» **Work to complete**:
Without including any pictures, write out the listing below exactly.

» **Data shown**:
BEGIN
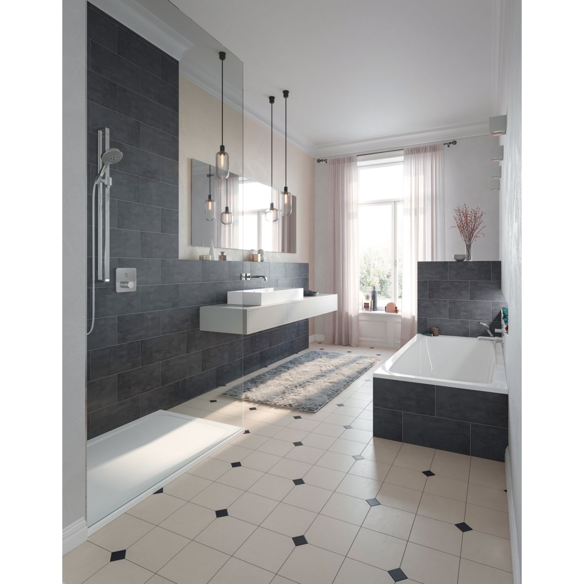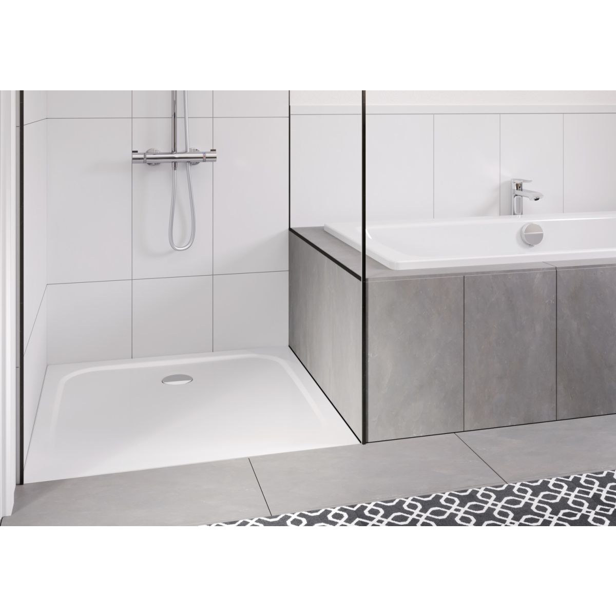 Klasszikus kialakítású lapos zuhanytálca, a rövidebb oldal közepén található lefolyóval. Tágas, homogén állófelület. Tökéletesen összehangolva a Cayono család termékeivel.
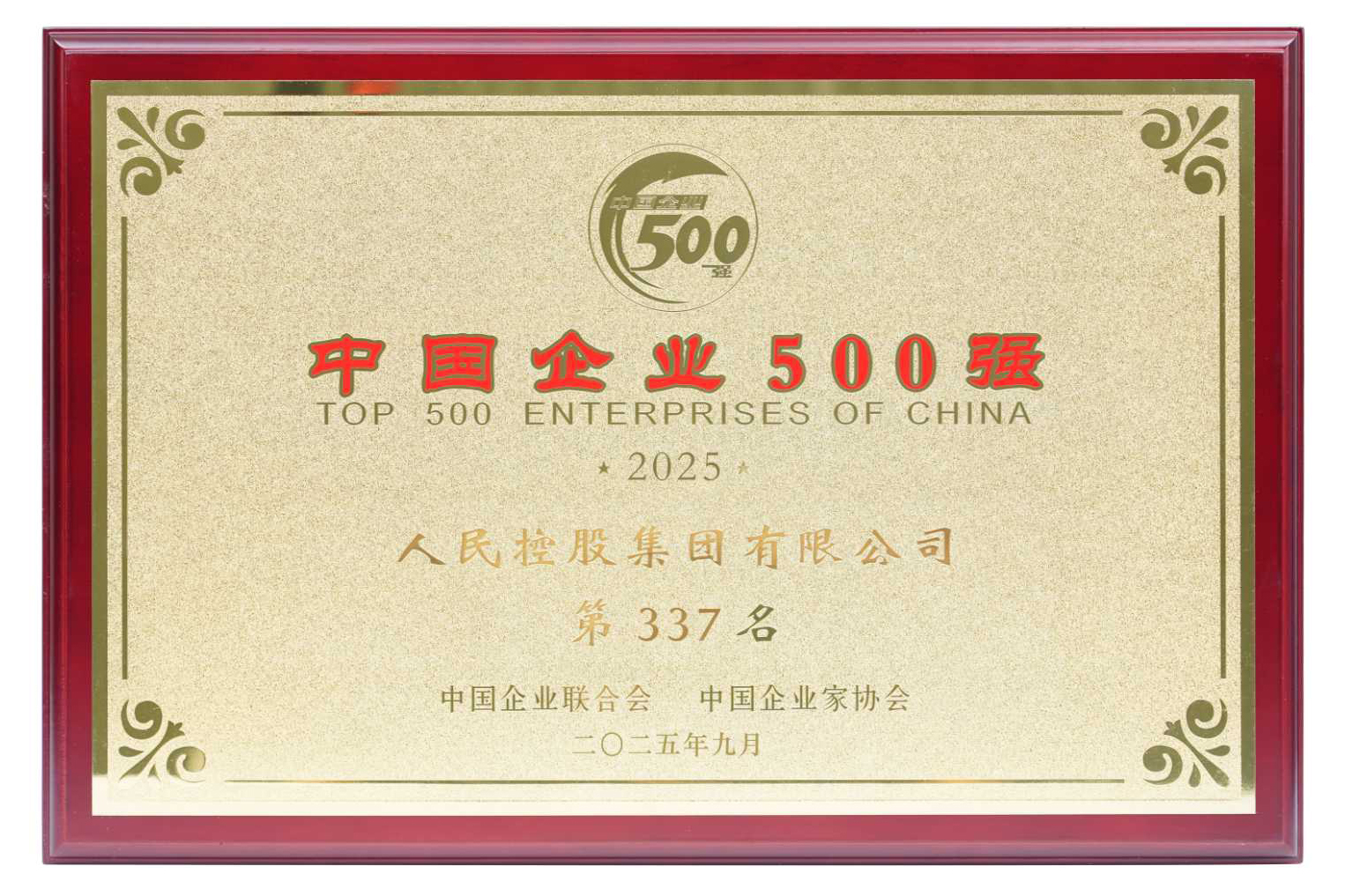 9月15日,中國企業聯合會、中國企業家協會正式發布"2025中國企業500強"榜單,中國·人民控股集團以729.58億元的營業收入榮列第337位,排名較上年大幅提升40位,顯示出集團卓越的經營能力和持續的成長性。
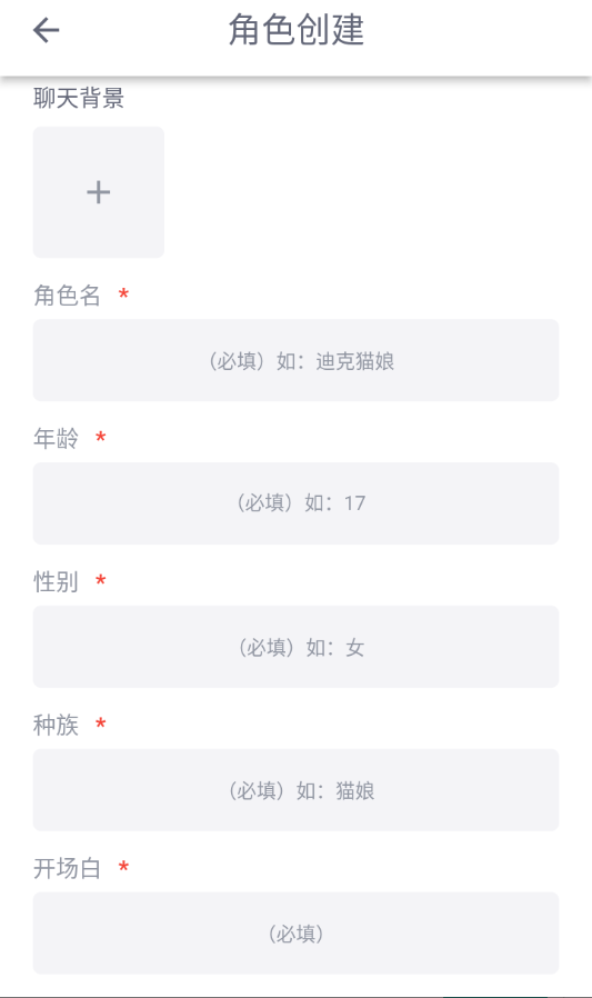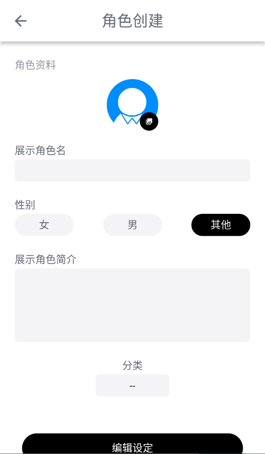 2、添加角色头像,填写角色名字,选好性别后可以开始编辑简介(简介很重要,建议先写上非常重要的设定,再写上角色的人物设定)
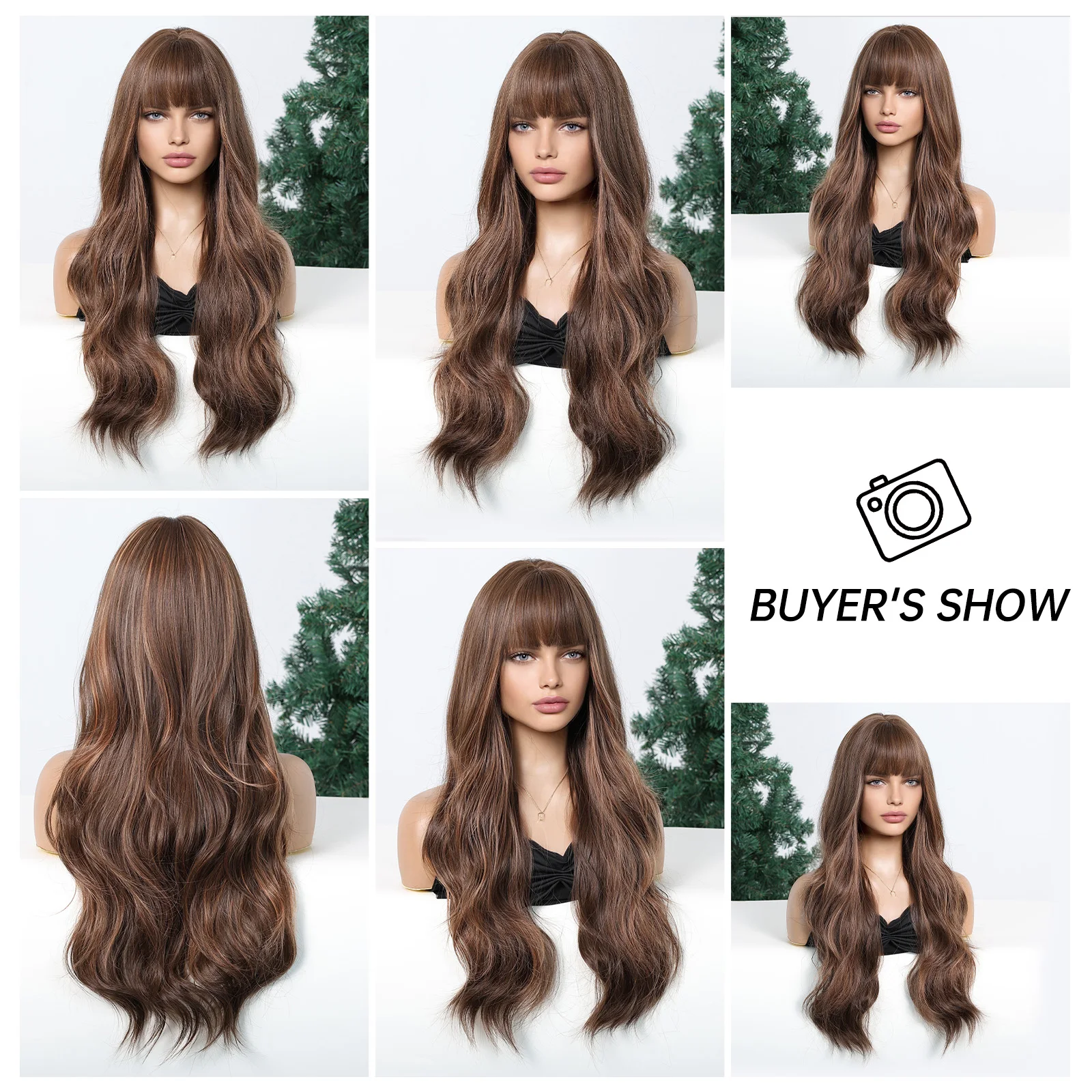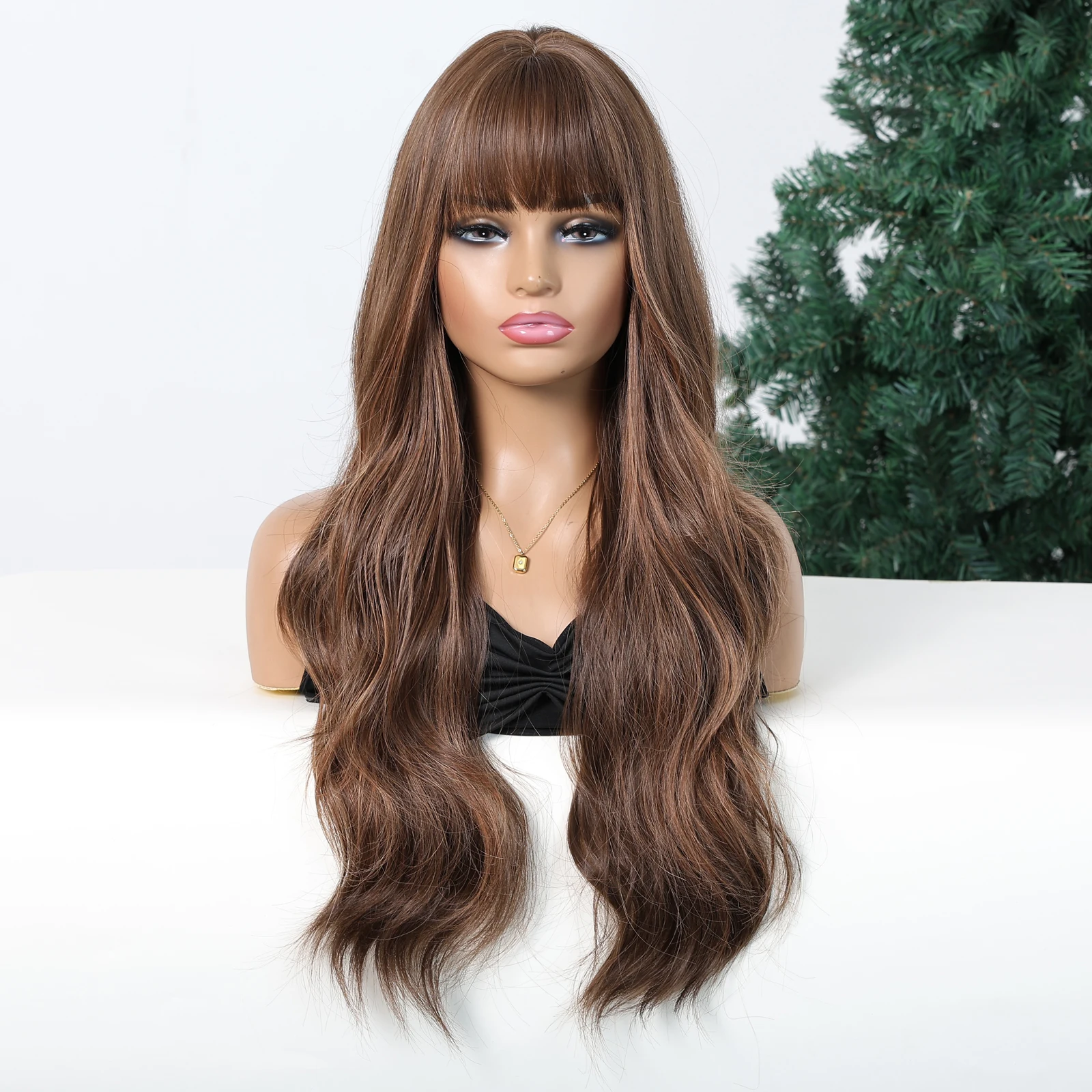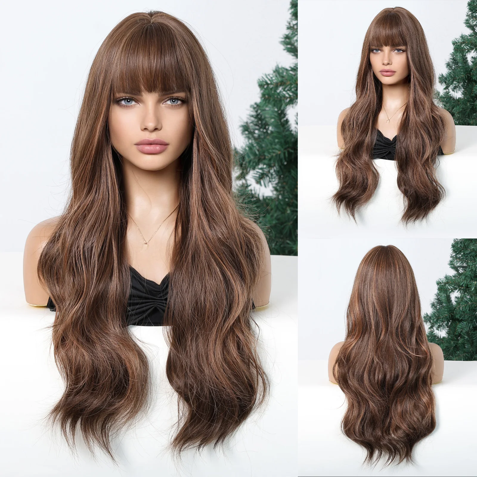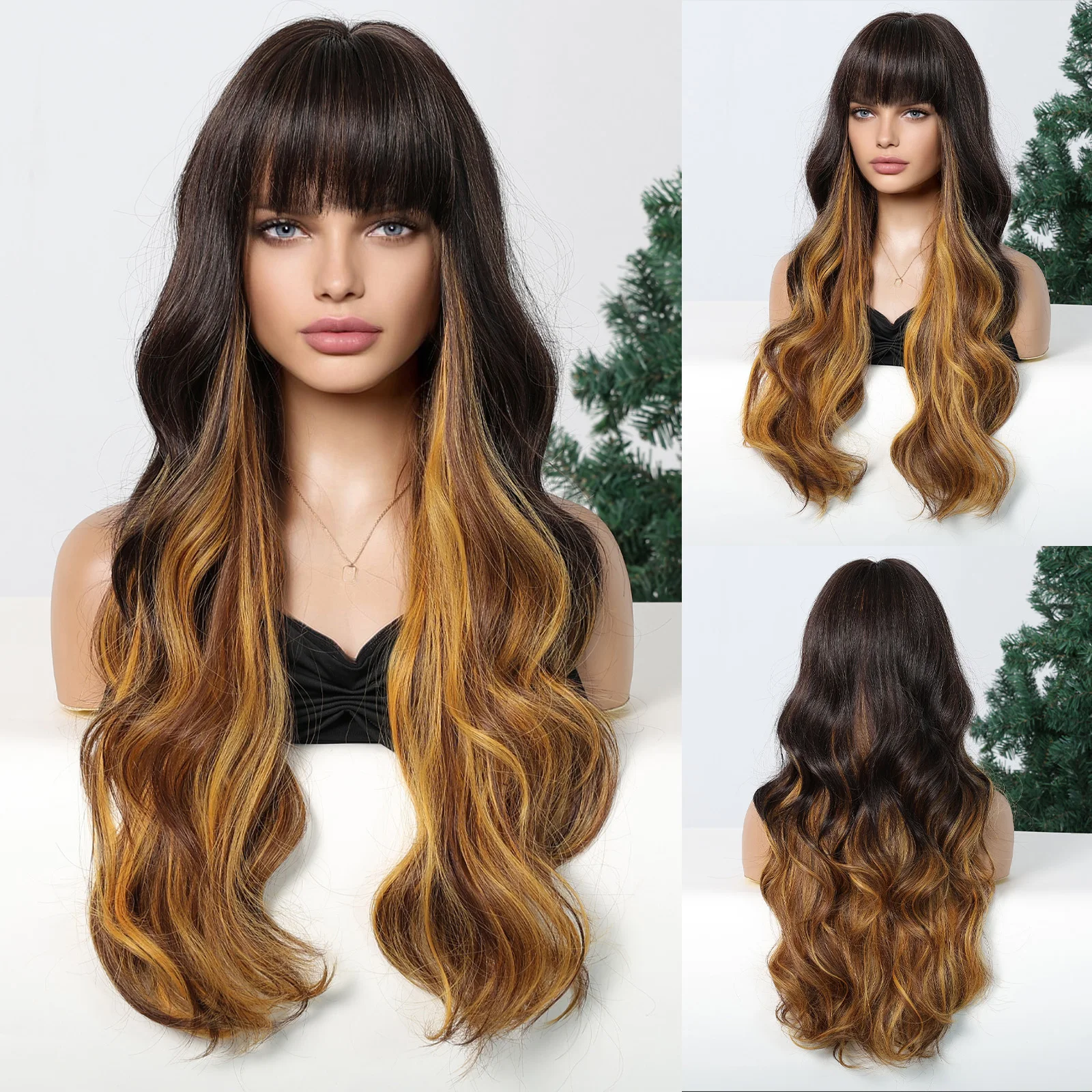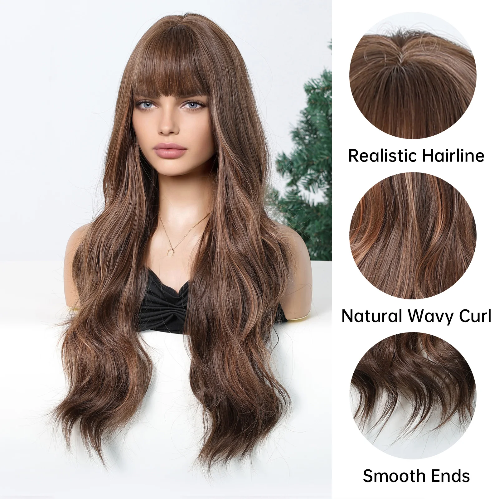 LOUIS FERRE Brown Highlights Wavy Wig With Bangs Long Curly Natural Hair for Women Girls Daily Use Heat Resistant Fiber Wigs
END
» **Solution to the problem**:
 Klasszikus kialakítású lapos zuhanytálca, a rövidebb oldal közepén található lefolyóval. Tágas, homogén állófelület. Tökéletesen összehangolva a Cayono család termékeivel.
 9月15日,中國企業聯合會、中國企業家協會正式發布"2025中國企業500強"榜單,中國·人民控股集團以729.58億元的營業收入榮列第337位,排名較上年大幅提升40位,顯示出集團卓越的經營能力和持續的成長性。
 2、添加角色头像,填写角色名字,选好性别后可以开始编辑简介(简介很重要,建议先写上非常重要的设定,再写上角色的人物设定)
 LOUIS FERRE Brown Highlights Wavy Wig With Bangs Long Curly Natural Hair for Women Girls Daily Use Heat Resistant Fiber Wigs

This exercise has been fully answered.